Pay close attention to the fine print of your flight details before booking, as the cheapest tickets usually come from low-cost airlines with strict rules and few amenities. Airlines like Norwegian Air charge extra even for flying with a carry-on bag, so add up all of your costs and fees before making your purchase.

By Ferry

If you have some time to spare while traveling, there's a 17-hour ferry connection between Stockholm and Helsinki leaving in the afternoon and arriving the following morning. The Viking Line and the Tallink Silja Line ferries both cover the Stockholm to Helsinki route and the Helsinki to Stockholm route, as does the once-a-week St. Peter Line. The ferries include onboard services such as bars, restaurants, different types of cabins, and duty-free shopping.

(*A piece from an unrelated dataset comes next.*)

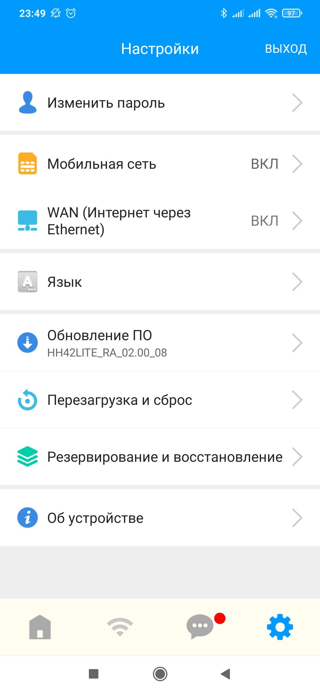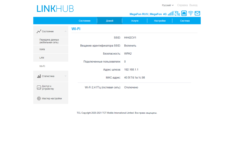 Во втором, «Домой», собрана более подробная информация о работе роутера. В разделе «Состояние» приводятся данные по интерфейсам — подключение к сотовому оператору, портам WAN и LAN, а также точке доступа Wi-Fi.
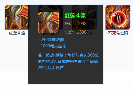 红莲这件装备其实放到另外一种出装套路里也成立,它对扁鹊的作用也是提高生存能力,并且还能提供一定的输出。扁鹊的生命值成长是每级230点,那么一个10级的扁鹊就拥有5300左右的生命值,红莲的被动效果每秒造成5300*2%=106点魔法伤害,几乎跟叠满5层的初级毒印记伤害相同,在面对某些突脸的近战时,红莲可以让扁鹊的被动更有威慑力,并且提高了一定的抗击打能力。

You can travel as a foot passenger, but you can also bring cars, motorbikes, and bicycles on the ferries.

The Viking Line offers cheaper cruise prices but uses older ships; Tallink Siljah Line cruises are more expensive but also offer more elegance. Booking a weeknight cruise from Stockholm to Helsinki is cheapest, and there's another discount if you buy a round-trip ticket. One-way weeknight tickets for cabins start at around $88 on Viking and $120 on Tallink Siljah Line, but prices vary depending on the season and which cabin category you choose.

You can also take a ferry from Stockholm to Åbo, Finland, which takes 10.5 hours, and make your way south to Helsinki from there by bus or car.

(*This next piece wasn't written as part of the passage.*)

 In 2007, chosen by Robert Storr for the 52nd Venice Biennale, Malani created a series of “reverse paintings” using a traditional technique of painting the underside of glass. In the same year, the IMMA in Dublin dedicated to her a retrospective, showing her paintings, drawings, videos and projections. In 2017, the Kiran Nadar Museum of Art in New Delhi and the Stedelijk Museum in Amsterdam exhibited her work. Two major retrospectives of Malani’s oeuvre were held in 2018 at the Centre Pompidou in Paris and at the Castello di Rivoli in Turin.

While taking the ferry is a leisurely and fun way to travel between Stockholm and Helsinki, it's not necessarily cheaper than flying—and it's certainly a lot slower. Many travelers who choose the ferry opt to do so for the experience. However, if you're sharing a cabin and you consider that the price covers your transportation as well as a night of accommodation, the ferry may actually be the most budget-friendly option.

By Car

Though Helsinki and Stockholm are only about 250 miles apart as the crow flies, they're separated by the Baltic Sea. That means your options are to drive all around the Gulf of Bothnia—a 1,000-mile journey that takes over 20 hours of driving—or to have your vehicle ferried across the sea to Finland. The latter option takes half the amount of time, and for much of the trip, you can just relax on board the ship.

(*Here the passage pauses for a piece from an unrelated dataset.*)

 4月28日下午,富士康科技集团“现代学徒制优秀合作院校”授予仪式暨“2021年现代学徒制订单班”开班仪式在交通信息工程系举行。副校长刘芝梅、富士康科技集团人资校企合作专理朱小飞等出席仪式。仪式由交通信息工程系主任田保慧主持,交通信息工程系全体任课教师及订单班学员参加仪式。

After leaving Stockholm, you'll head northeast toward the coastal town of Kapellskär and board your first ferry to the Finnish Äland Islands, a two-hour boat ride with prices starting at $16 to board with a vehicle. From there, take a scenic drive through the islands—a great place to break up your trip and spend the night—before arriving at Långnäs, where you'll board the second and final ferry to Turku, Finland. The second maritime leg takes about four and a half hours, and tickets start at $50 to board with a vehicle. Get back behind the wheel in the Turku, and drive the final two hours until you reach Helsinki.

Driving a car is for the adventurous who are looking to create an experience from the road trip. Assuming you break the trip up into two days, it's the most time-consuming and also the most expensive way to travel from Stockholm to Helsinki. However, few tourists make such an arduous trek, so you'll get to experience parts of both Sweden and Finland that few foreigners get to see.

What to See in Helsinki

Compared to it's more popular Nordic neighbors in Denmark and Sweden, Helsinki is one of Northern Europe's most underrated cities. The city itself is small enough to explore on foot, and the colorful tents of Market Square are full of vendors selling baked goods, produce, drinks, and local handicrafts. After traversing the city and visiting its myriad churches, museums, and parks, take a day trip to the islands around Helsinki to experience Finland's natural beauty. The island of Seurasaari is especially popular, especially during the summer months with its open-air museum of a recreated rural Finnish town. Of course, no visit to Finland is complete without a visit to a sauna, and thankfully Helsinki has plenty to choose from. Try the historic Sauna Arla or the modern Kulttuurisauna, both excellent options for tourists interested in trying out this cultural practice.